Maritain’s “Sign and Symbol”-part ii

Nov 18, 2010 23:58

It’s been a whole year since our first look at Maritain’s “Sign and Symbol,” and thus as good a time as any to continue “ransoming the time”-“for the days are evil” (Eph. 5:16).

Regarding what we might call the difference of human animals (which are semiotic) from brute animals (which are semiosic only), Maritain speaks thus:
    The birth of the idea, and hence of intellectual life in us, seems bound up with the discovery of the value of meaning of a sign. An animal employs signs without perceiving the relationship of meaning.

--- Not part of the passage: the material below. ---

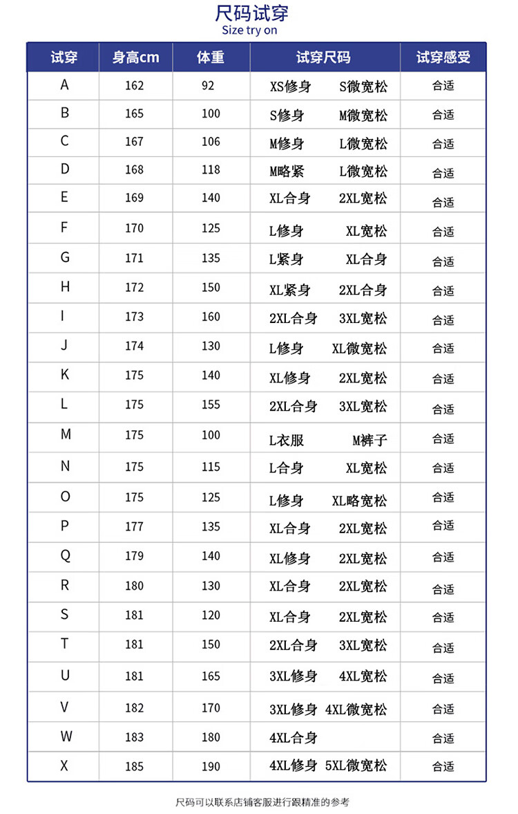 China (cm) 160-165/84-86 165-170 / 88-90 167-172 / 92-96 168-173 / 98-102 170-176 / 106-110

To perceive the relationship of meaning is to have an idea-a spiritual sign. Nothing could be more suggestive in this connection than that kind of miracle which is the first awakening of intelligence in blind deaf-mutes (Marie Heurtin, Helen Keller, Lydwine Lachance): essentially it depends upon the discovery of the relationship of the meaning of some gesture with regard to a desired object. The sign is the keystone of intellectual life. (220-21)
All animals have perceptual concepts (percepts), but only the human being has concepts in the stricter sense-abstract or intellectual concepts. Though Maritain speaks of these concepts or ideas as “spiritual” signs, by spiritual he simply means to distinguish the image-materiality of percepts from the relative immateriality of ideas. Take note that concepts of either kind-perceptual or intellectual-are only the first node (the signifier) of the triadic relation in which the sign really consists. The sign itself is what Maritain calls “the relationship of meaning”-i.e., the relation of (1) the signifier to (2) the object signified for (3) the cognizing mind. Now, nonhuman animals use these semiosic relations, but they do so unwittingly. They never shift from being merely semiosic to fully semiotic (self-consciously semiosic). For Maritain, the maturation of the human being qua rational animal depends precisely on this shift. Only when the human becomes semiotic-i.e., only when he or she becomes aware of sign-relations-does the human truly unfold into what distinguishes his or her nature from other forms of animal existence.